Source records
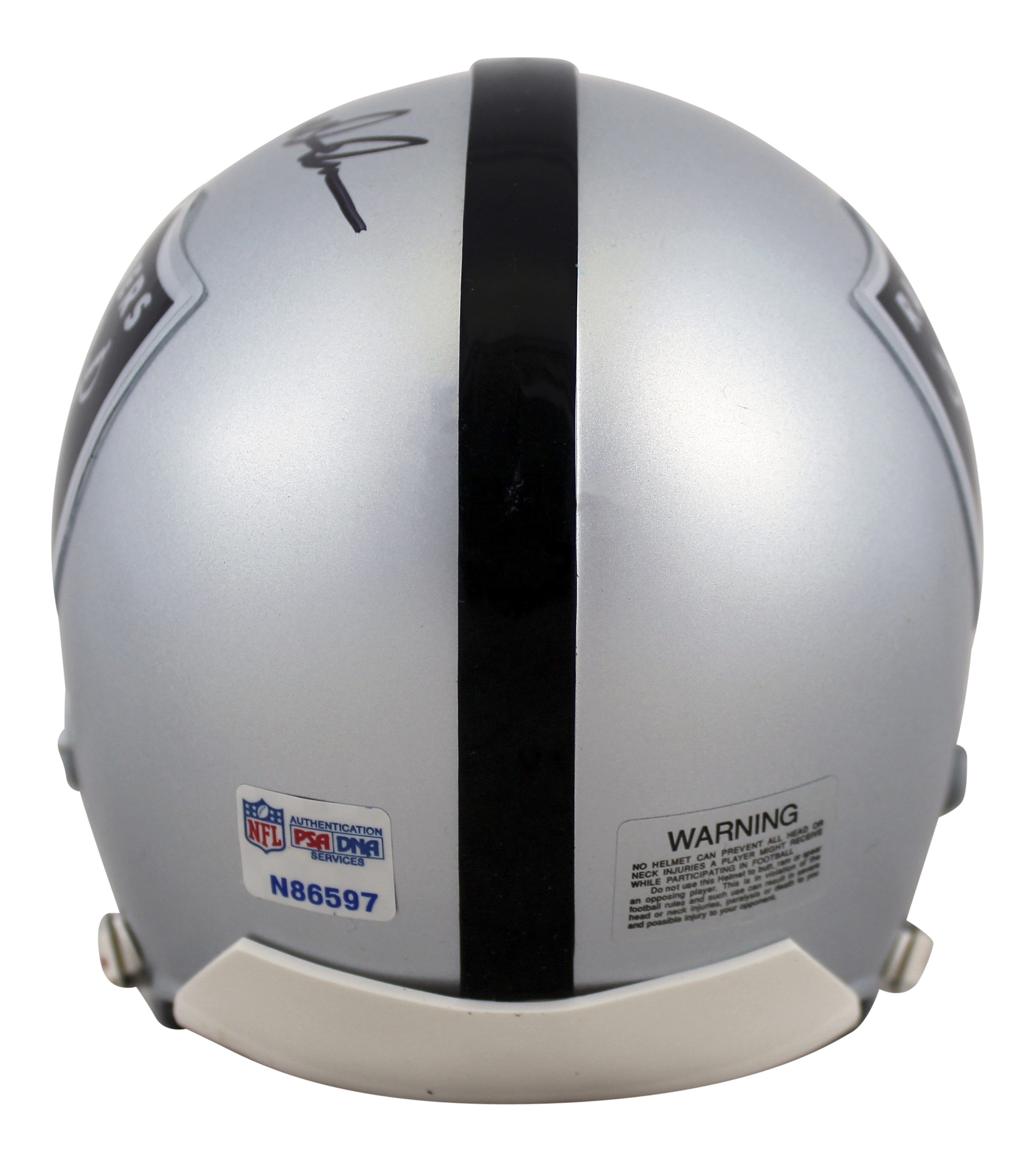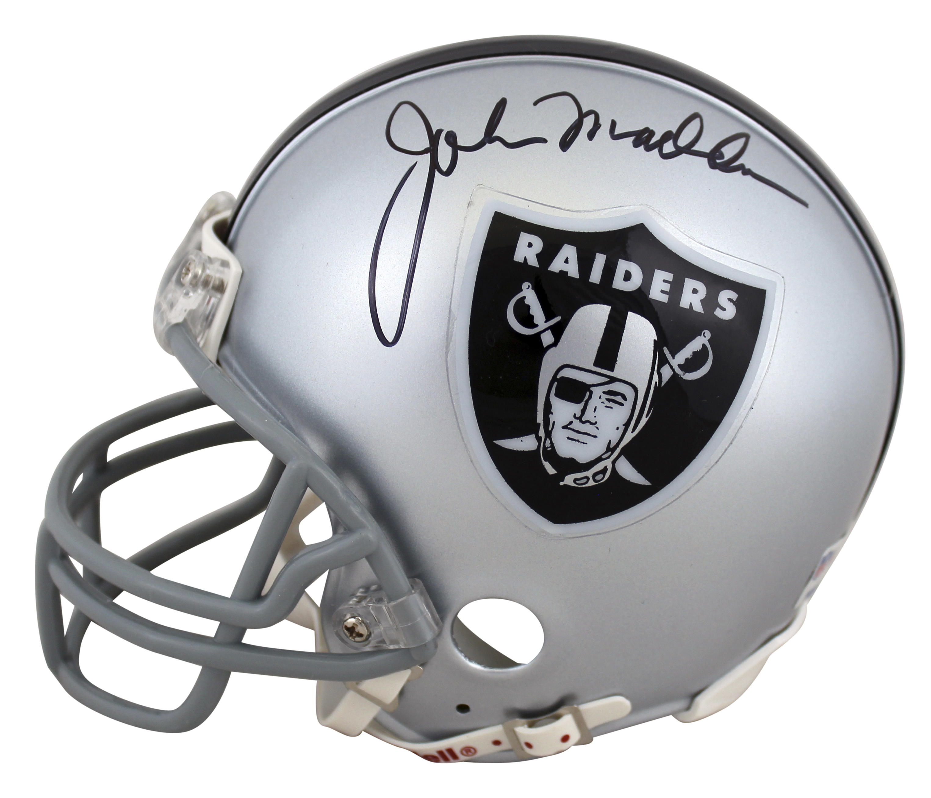 Riddell Oakland Raiders mini helmet has been hand-signed by John Madden (HOF).
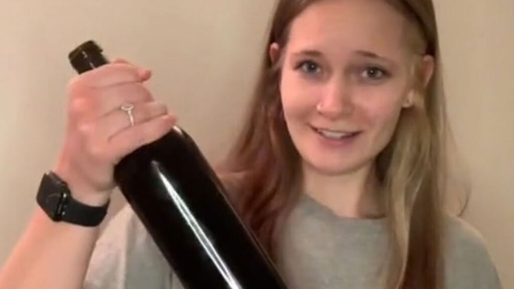 Primero sacó una botella de vino, luego una botella de agua de 32 onzas.
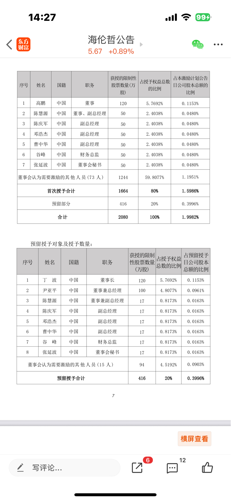 $海伦哲(SZ300201)$ 120万股1.9元、浮盈几百万、上台有多久?一个搞房地产的、曾经是广西的手下吧?
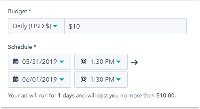 At the top of the page, click the Budget & Schedule tab.- Budget: click the dropdown menu and select whether your budget is for Daily or the Total amount for the ad, and enter the amount.
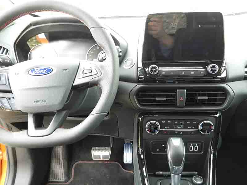 Aracın kabininde modern dokunuşlar, kalite hissi veren malzemeler ve iyi bir işçilik göze çarpıyor. Ford Ecosport tasarımcıları da 8 inçlik dokunmatik ekranı harici görünecek ekilde araca yerleştirmişler. Ben sevmiyorum bu duvardaki TV tarzı dışsal ekranları ama kullanım vb açısından sorun yaratmıyor. Aksine Apple Car Play ve Android Car Play gibi uygulamalar aracılığıyla akıllı telefonunuzu bu geniş ekranda kullanma şansı veren SYNC 3 sistemini içeriyor. BU sayede navigasyondan müzik uygulamalarına, internet radyosundan mail ve sms mesajlarına kadar telefonunuz ile ilgili her türlü özelliğe ucu direksiyonda olan sistem kanalıyla ulaşabiliyorsunuz. Apple Car Plaly sistemini kullanıyorsanız SIRI yardımıyla sesli komut sistemini kullanabiliyorsunuz. alışkanlık gerektirdiğini hatırlatalım.

• _Work request_
Make an exact copy of the records from their first line through the line containing "At the top of", both ends included, with the pictures omitted.

• _Result of the task_
 Riddell Oakland Raiders mini helmet has been hand-signed by John Madden (HOF).
 Primero sacó una botella de vino, luego una botella de agua de 32 onzas.
 $海伦哲(SZ300201)$ 120万股1.9元、浮盈几百万、上台有多久?一个搞房地产的、曾经是广西的手下吧?
 At the top of the page, click the Budget & Schedule tab.- Budget: click the dropdown menu and select whether your budget is for Daily or the Total amount for the ad, and enter the amount.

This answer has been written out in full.